§ **About this exercise**: Among the lines of the records, find all that carry the word "with" and copy them.

### Records shown

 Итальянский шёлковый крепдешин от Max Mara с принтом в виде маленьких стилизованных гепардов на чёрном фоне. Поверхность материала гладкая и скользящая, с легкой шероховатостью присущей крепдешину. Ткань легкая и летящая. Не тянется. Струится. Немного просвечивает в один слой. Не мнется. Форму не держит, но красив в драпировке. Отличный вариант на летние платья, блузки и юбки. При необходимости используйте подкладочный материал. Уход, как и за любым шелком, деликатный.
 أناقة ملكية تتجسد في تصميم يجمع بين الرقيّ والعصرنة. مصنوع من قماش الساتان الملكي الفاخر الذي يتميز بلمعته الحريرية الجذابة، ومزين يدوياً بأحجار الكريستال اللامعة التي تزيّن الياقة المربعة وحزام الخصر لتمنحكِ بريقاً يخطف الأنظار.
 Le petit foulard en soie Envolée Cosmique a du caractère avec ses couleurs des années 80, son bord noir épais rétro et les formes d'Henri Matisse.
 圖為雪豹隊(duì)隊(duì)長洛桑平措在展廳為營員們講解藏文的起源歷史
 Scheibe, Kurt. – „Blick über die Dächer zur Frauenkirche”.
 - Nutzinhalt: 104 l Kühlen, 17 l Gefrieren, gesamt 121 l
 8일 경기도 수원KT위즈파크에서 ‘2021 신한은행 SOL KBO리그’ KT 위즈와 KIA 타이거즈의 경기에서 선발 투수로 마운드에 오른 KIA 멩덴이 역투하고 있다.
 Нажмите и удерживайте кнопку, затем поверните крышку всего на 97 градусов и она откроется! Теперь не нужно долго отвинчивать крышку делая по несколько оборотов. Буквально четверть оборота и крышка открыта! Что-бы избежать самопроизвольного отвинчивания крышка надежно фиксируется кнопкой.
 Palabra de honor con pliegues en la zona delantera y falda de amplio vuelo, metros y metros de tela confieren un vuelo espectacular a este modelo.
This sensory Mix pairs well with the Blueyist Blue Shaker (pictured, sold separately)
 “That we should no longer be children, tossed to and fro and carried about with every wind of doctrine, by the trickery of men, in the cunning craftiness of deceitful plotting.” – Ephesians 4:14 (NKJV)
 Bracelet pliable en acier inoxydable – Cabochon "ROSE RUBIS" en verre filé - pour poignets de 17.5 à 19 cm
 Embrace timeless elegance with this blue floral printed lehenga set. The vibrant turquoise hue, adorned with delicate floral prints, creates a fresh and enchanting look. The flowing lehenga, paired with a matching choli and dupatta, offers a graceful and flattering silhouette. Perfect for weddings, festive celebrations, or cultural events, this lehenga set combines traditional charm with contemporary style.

######

§ **Solved exercise**:
This sensory Mix pairs well with the Blueyist Blue Shaker (pictured, sold separately)
 “That we should no longer be children, tossed to and fro and carried about with every wind of doctrine, by the trickery of men, in the cunning craftiness of deceitful plotting.” – Ephesians 4:14 (NKJV)
 Embrace timeless elegance with this blue floral printed lehenga set. The vibrant turquoise hue, adorned with delicate floral prints, creates a fresh and enchanting look. The flowing lehenga, paired with a matching choli and dupatta, offers a graceful and flattering silhouette. Perfect for weddings, festive celebrations, or cultural events, this lehenga set combines traditional charm with contemporary style.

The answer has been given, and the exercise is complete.